A few years ago, I was staying at a friends house. At the time I worked third shift so I was awake much later than everyone else. I sat in one room reading for several hours. The house was silent except for the sound of a television in another room. It was quiet enough that all I could hear was the occasion sound effect and bits of muffled dialog. I kept wondering if my friends were ever going turn the television off. Eventually I wandered out of the room I was in, and when I did I stopped hearing the TV. I assumed that someone had woken up long enough to turn it off, but when I went back to reading, the television sounds returned. Eventually I realized that I wasn't hearing a television, I was hearing the gurgling of a table top fountain. It was the aural equivalent of the optical illusion of the vase/two faces. When I listened one way I could hear voices, when I listened another it was nothing but water gurgling.
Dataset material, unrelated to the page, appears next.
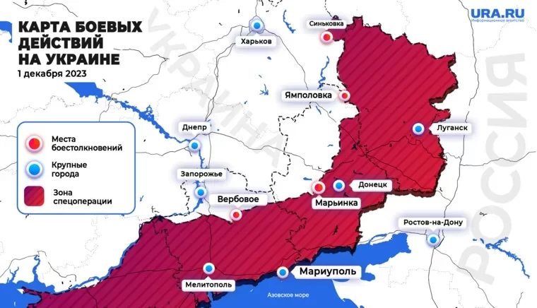 Обновлённая карта боевых действий на Украине по состоянию на 12:00 мск от 01.12.2023
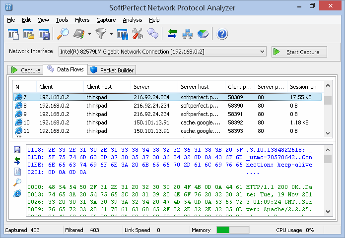 5、进来的数据包流,可以很容易地看到一个完整的数据交换的Telnet、POP3、SMTP、IMAP,FTP,HTTP和其他协议。

Once I realized the nature of what I was hearing I discovered that I could hear what I was expecting to hear... I could find words that I was looking for. I could hear my own name in the gurgles. Honestly, it was really creepy. A few weeks earlier, I had read about the 'electro-voice phenomena'. Simply put, people who believe in the EVP believe they can hear the voices of spirits in electronic static. When I heard the voices in the fountains I came to the conclusion that I knew how the EVP worked... the brain is very good at finding patterns in things, especially patterns it is expecting to find. Sometimes it can even find patterns when they aren't there.
I plotted a story about a charlatan who set up a 'whisper garden' where people could go to meditate and commune with the dead. In that story idea, the central character didn't believe the voices were spirits, but they eventually drove him mad. In that story, the whisper garden was going to be in a rural area, and located by a natural waterfall. I never got around to writing that story, but the idea kept tickeling the back of my brain.
Then I went to New Orleans, and had another story idea. This one was about a drunk who would take the offerings off Marie Leveaux's tomb.
Somehow the two stories came together into one, and a cast of characters entered my head. The whisper garden is part of the plot, but the main story issn't about the EVP. The story also contains a drunk who steals offerings from a voodoo priestess' tomb and sometimes acts in ways that answer the prayers of the people who had left the offerings, but the novel isn't about voodoo. On one level the novel is a thriller about a young couple's struggle with a brutal killer. On another level the novel is about the way that seemingly unrelated things relate.